Kirchheim

„Wir müssen die Demokratie verteidigen“

Neujahrsempfang Was zu tun ist, sagt die SPD-Landesvorsitzende Leni Breymaier in 40 feurigen Minuten. Reichen würde ihr Programm für Jahrzehnte. Von Peter Dietrich

Vor Kirchheimer Publikum fordert die SPD-Landesvorsitzende weniger Hass und mehr Inhalte.Foto: Peter Dietrich
Vor Kirchheimer Publikum fordert die SPD-Landesvorsitzende weniger Hass und mehr Inhalte.Foto: Peter Dietrich

Als Leni Breymaier während einer Fraktionssitzung auf ihr Smartphone sah und zum ersten Mal las, dass Schulz Kanzlerkandidat werden sollte und Gabriel zurücktritt, hielt sie es, ganz im Geiste der Zeit, für Fake-News. Doch es stimmte - und die Aufbruchsstimmung war auch noch beim Neujahrsempfang des SPD-Kreisverbands im Kirchheimer Alten Gemeindehaus zu spüren. Seit Donald Trumps Wahl hat der Kreisverband 25 neue Mitglieder gewonnen. „Seitdem sind die Leute aufgewacht“, sagt der Kreisvorsitzende Michael Beck. „Wir leben in einer Zeit der Politisierung“, sagte Breymaier. Heute sei das ein Anlass zu Beitritten wie früher die Wahl von Willy Brandt oder der Abschied der FDP aus der sozialliberalen Koalition.

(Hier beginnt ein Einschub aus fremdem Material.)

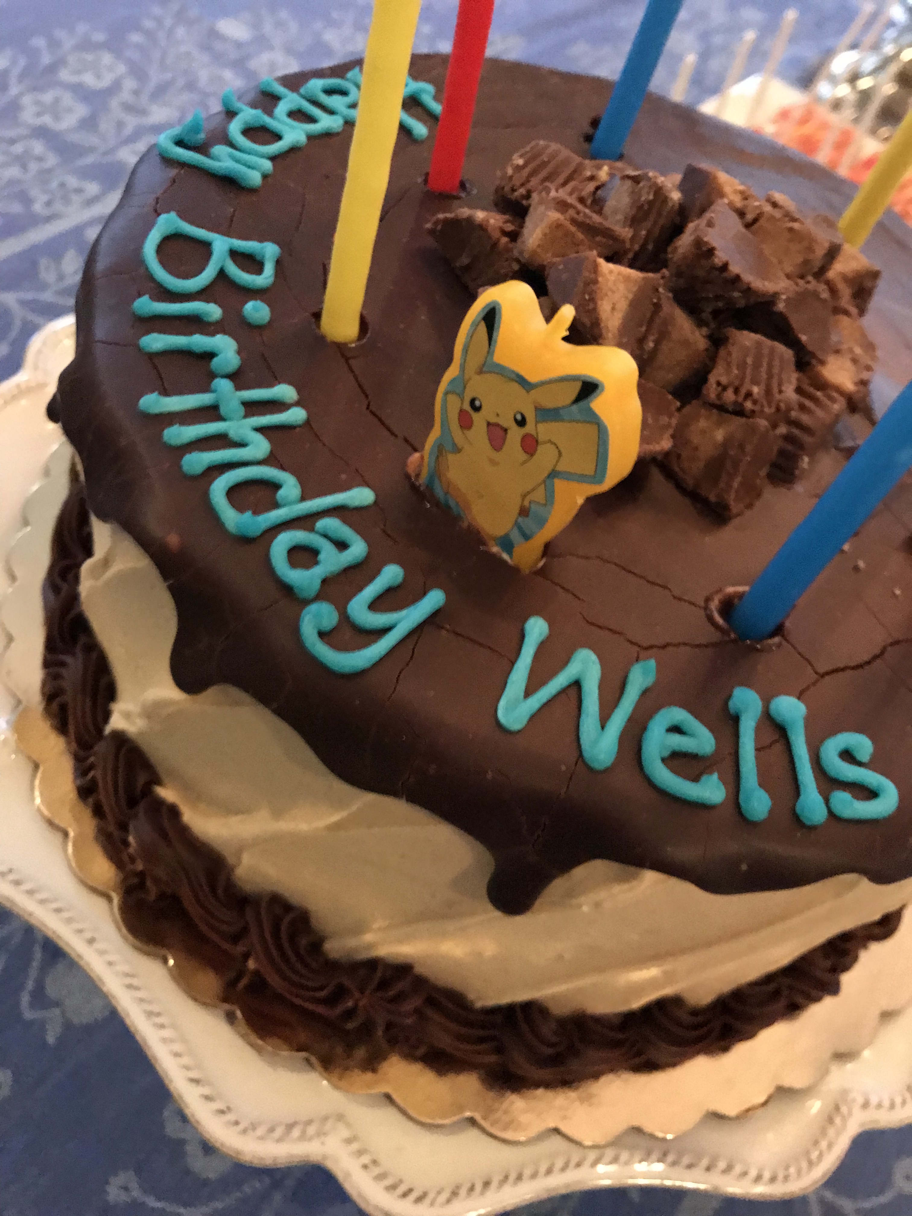 - Family birthday party with a Pokémon theme and a peanut butter cup cake

„Ich bin ein Fan von Inhalten“, betonte Breymaier und zeigte das den 160 Zuhörern in ihrer feurigen Rede. Sie will die SPD als Spitzenkandidatin im Land in die Bundestagswahl führen und auf keinen Fall weiterhin eine große Koalition. Unter anderem der Bürgerversicherung wegen, in die alle solidarisch einzahlen, auch die Beamten. „Mit der CDU kriegst du das nicht hin.“ Ein Systemwechsel sei nicht gerade dann möglich, wenn gerade die Babyboomer in Rente gingen. Doch er müsse langfristig geplant werden. Die Verbesserung der Mütterrente sei richtig gewesen, wenn auch falsch finanziert: „Das hätte aus Steuermitteln bezahlt werden müssen, nicht aus Beiträgen.“ Aber es gebe für vor 1992 geborene Kinder noch immer nur zwei Rentenpunkte, nicht drei, ein Unterschied von monatlich rund 30 Euro. „Ihr Frauen, gebt keine Ruhe!“, fordert sie auf.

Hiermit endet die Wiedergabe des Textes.